Today we view such statements as core protected speech, but Holmes said that opposing a draft was like “falsely shouting fire in a theatre and causing a panic” and creating a “clear and present danger that they will bring about the substantive evils that Congress has a right to prevent.” Consider that for a second. Merely opposing a war and conscription was deemed to be causing a “panic” and a “substantive evil” that the government must prevent.

Pelosi’s garbled use of Schenck is telling. It is not those speaking but those who want to silence speech that are a “clear and present danger” to our system. Just as the Wilson administration was furious with those who opposed the war, Pelosi is furious with those who oppose her values. By simply declaring their speech as inciteful, Pelosi wants the government to stop them from speaking on public grounds.

Of course, she ignores that many would view liberal groups as inciteful and “evil.” Many conservatives have objected to the violence at Black Lives Matter and Antifa protests. Indeed, many liberal groups now oppose the same type of military interventions by the Trump administration that Schenck opposed in the Wilson administration.

Pelosi’s “schencking” of free speech places her on the wrong side of history but nevertheless with a growing group of speech-phobic liberals. Among the chorus of people criticizing free speech as a weapon of the right are two professors who wrote recent columns in the Washington Post and New York Times.

In a column in the Washington Post, Skidmore College Professor Jennifer Delton decried how “provocateurs seek to bait liberal institutions by weaponizing the concept of free speech.” She warned that free speech is facilitating rather the deterring these groups and that “quoting Voltaire is not going to preserve anyone’s liberties — least of all those populations most vulnerable to vicious racist, misogynist and anti-Semitic attacks.”

Delton encouraged people to move beyond free speech inhibitions and, chillingly, that liberals have previously denied free speech to different groups: “American liberals were forced to sidestep First Amendment absolutism to combat a political foe… when New Deal liberals purged U.S. communists from American political life.” While Delton stops short of calling for purges of anyone deemed “alt-right,” she suggested that, given “the threat posed by the actions of alt-right provocateurs,” past censorship and criminalization of speech “may bear revisiting.”

In an editorial in the New York Times, K-Sue Park, a housing attorney and the Critical Race Studies fellow at the UCLA School of Law, rails against “color-blind” approaches which “support hate-based causes” and insists that such “colorblind logic [has] never secured real freedom or even safety for all.” She calls for an end to this broad protection of free speech as based on “a misguided theory that all radical views are equal” and that ‘it fuels right-wing free-speech hypocrisy.”

These voices advocate content-based discrimination of speech, long anathema in our country.
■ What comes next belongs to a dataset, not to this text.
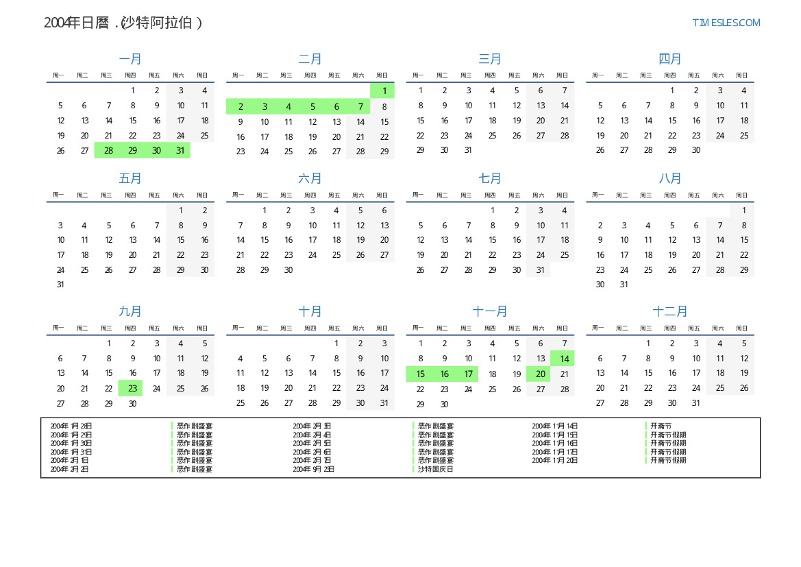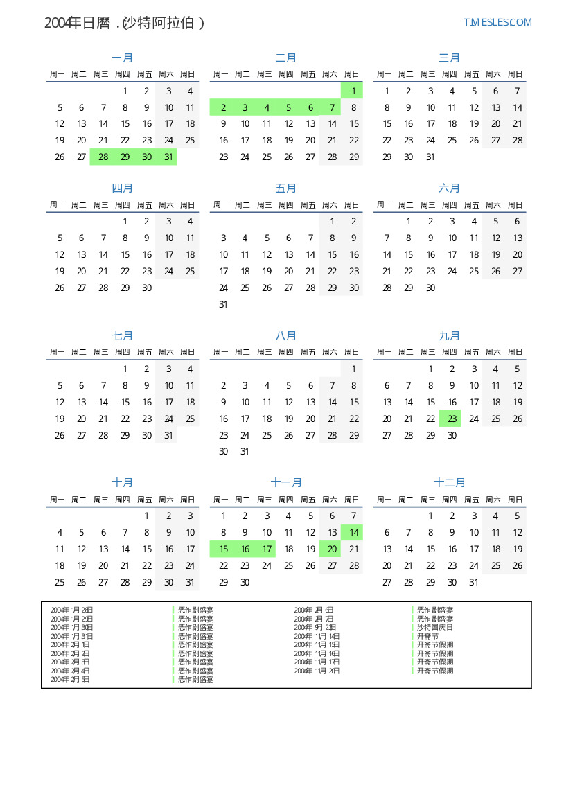 下載並打印2004年沙特阿拉伯節假日和周末的PDF日曆

It is part of a trend sweeping across the West with crackdowns on any speech deemed intimidating or inciteful or hateful. Pelosi would bar the right of conservatives to speak on the basis that their event might pose a threat to public safety, particularly given counter-demonstrators drawn to such events. Thus, free speech depends not only on what you are saying but how it will be received by others. The rally was canceled by the organizers out of concern over counter demonstrators, but Pelosi believes that the group should not have been given the choice.

We do not need the First Amendment to protect against popular speech. Pelosi and others seek to convince a free people to surrender a core freedom by focusing on how free speech is being used by unpopular groups. They might just succeed in bringing about a new era of censorship. Voices calling for speech limits play to the fears of a society that can come to view free speech as an abstraction or even an irritation. The truly sad part is that they use free speech to convince others to diminish it.